- The Blob taken from a panel of The X-Men #7 (September 1964). Art by Jack Kirby.

Publication information
- Publisher: Marvel Comics
- First appearance: The X-Men #3 (January 1964)
- Created by: Stan Lee (writer) Jack Kirby (artist)

In-story information
- Full name: Frederick J. "Fred" Dukes
- Species: Human mutant
- Team affiliations: Secret Empire X-Cell Brotherhood of Evil Mutants X-Corps Factor Three Freedom Force Defenders
- Notable aliases: Blob Freddie Dukes
- Abilities: Superhuman strength, stamina, endurance, durability, and mass; Personal gravity field;

= Blob (Marvel Comics) =

Marvel Comics fictional character

The Blob (Frederick J. "Fred" Dukes) is a fictional character appearing in American comic books published by Marvel Comics. The character was created by Stan Lee and Jack Kirby and first appeared in X-Men #3 (January 1964). A mutant originally depicted as a morbidly obese circus freak, the Blob claims to be immovable when he so desires. He possesses an extreme amount of pliable body mass, which grants him superhuman strength.

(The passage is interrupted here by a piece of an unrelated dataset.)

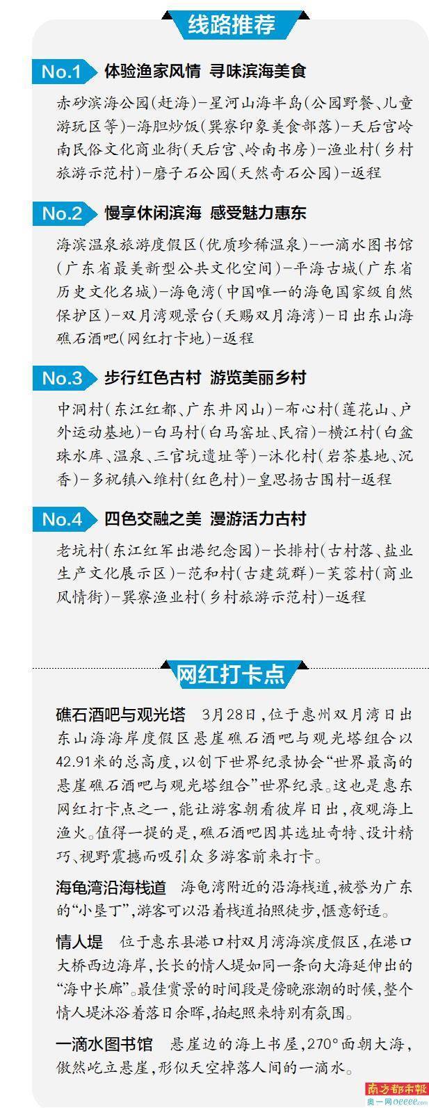 为更好地引导旅游业发展,顺应市民群众旅游休闲消费体验新需求,在3月的旅游推介会上,惠东还发布了春夏精品主题旅游线路。四条主题旅游线路“体验渔家风情,寻味滨海美食”、“慢享休闲滨海,感受魅力惠东”、“步行红色古村,游览美丽乡村”、“四色交融之美,漫游活力古村”,能让各地游客领略到惠东精心打造的文化旅游风情走廊,感受到别样风情。
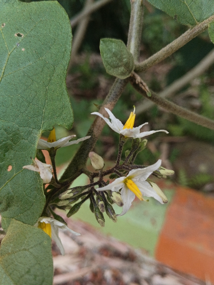 The image presents a close-up view of a flowering plant branch, located in Candelaria, Philippines. The primary subjects are a cluster of white flowers and green leaves. Six white flowers are clearly visible, each possessing five distinct petals and a prominent yellow central structure of anthers. Numerous green-purplish flower buds, exhibiting a slightly fuzzy texture, are clustered along the plant's main stem. The stems themselves are green-brown and appear covered in fine hairs. A large, dark green leaf with visible venation and minor surface imperfections occupies the left side of the frame, partially obscuring some flowers. Other smaller green leaves are present in the composition. The background is out of focus, revealing blurred elements of green vegetation, alongside a distinct geometric pattern of orange/red and light green on the lower right, suggesting an artificial surface. No people, discernible actions, or interactions are present.

Possessing the demeanor of a bully, he mostly uses his powers for petty crime, leading him to clash repeatedly with the X-Men, though he has occasionally fought other superheroes like Spider-Man. The Blob is also sometimes depicted as a member of supervillain teams like the Brotherhood of Mutants and Freedom Force.

In live action, Fred Dukes appeared in X-Men Origins: Wolverine (2009), portrayed by Kevin Durand. "Giant" Gustav Claude Ouimet had a cameo as the Blob in X-Men: Apocalypse (2016), and Mike Waters had a cameo as the character in Deadpool & Wolverine (2024).

==Publication history==
Created by writer Stan Lee and artist Jack Kirby, the Blob first appeared in X-Men #3 (January 1964).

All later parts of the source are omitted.